Poor Weigel. He’ll probably be fired soon for pointing out that the emperors continue to walk naked in Congressional hallways and DC corridors. It also goes without saying, and time has proven this out, so I’ll bore everyone by saying, that no such thing happened, nor was there ever any evidence then or now to back up such nonsense about voting.

Even for McCain in 2008 this was an old saw, rather than something he was inventing. Such claims on voter fraud based on voter registration work have been part of the standard operating procedure on election tactics for Republicans for a number of cycles, certainly since the concept of “battleground” states became prominent and the George W. Bush election turned into a Supreme Court disputed umpire call after Al Gore won the popular vote. In Florida, Ohio, and Pennsylvania for a number of election cycles before 2008, ACORN had been the subject of similar attacks and fabrications with fake FEC complaints and state election charges all of which would be withdrawn by early the following year after the elections were over. Our assumption had been that McCain had wrongly assumed that the election might be close with Obama and was tactically hedging in order to prepare claims in some states and hope for a repeat of the Bush 2000 scenario. As it turned out, he was stomped by Obama, so none of that emerged, though thanks to McCain the target for conservatives would stay on ACORN’s back.

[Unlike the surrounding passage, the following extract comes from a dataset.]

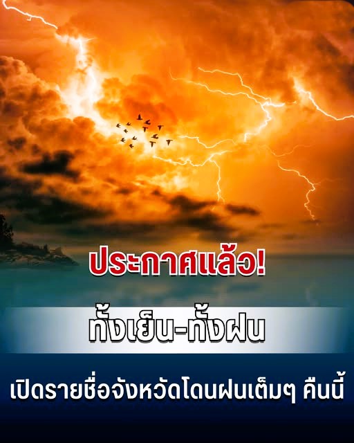 ประกาศแล้ว! 24 ชม. ข้างหน้า ทั้งเย็น-ทั้งฝน เปิดรายชื่อจังหวัดโดนฝนเต็มๆ คืนนี้

And, let’s be honest about all of this. Of the hardcore 40% base that is sticking with Trump and listening to all of this balderdash, I would put good money on the fact that a huge percentage of that base has still refused to accept the legitimacy of President Obama’s two election victories and the work of his eight years. The continuing drumbeat of the Republican faithful up until recently that ACORN stole both elections and was preparing to steal this one is more than sufficient evidence for such a bet.

Once the votes are all counted, the winner will be named, and whether Trump and his Trumpeteers accept it or not isn’t relevant come Inauguration Day, except that such schoolhouse door resistance to the choice of voters in our fragile democracy only assures even more polarization and extremist from Congress on down to the grassroots.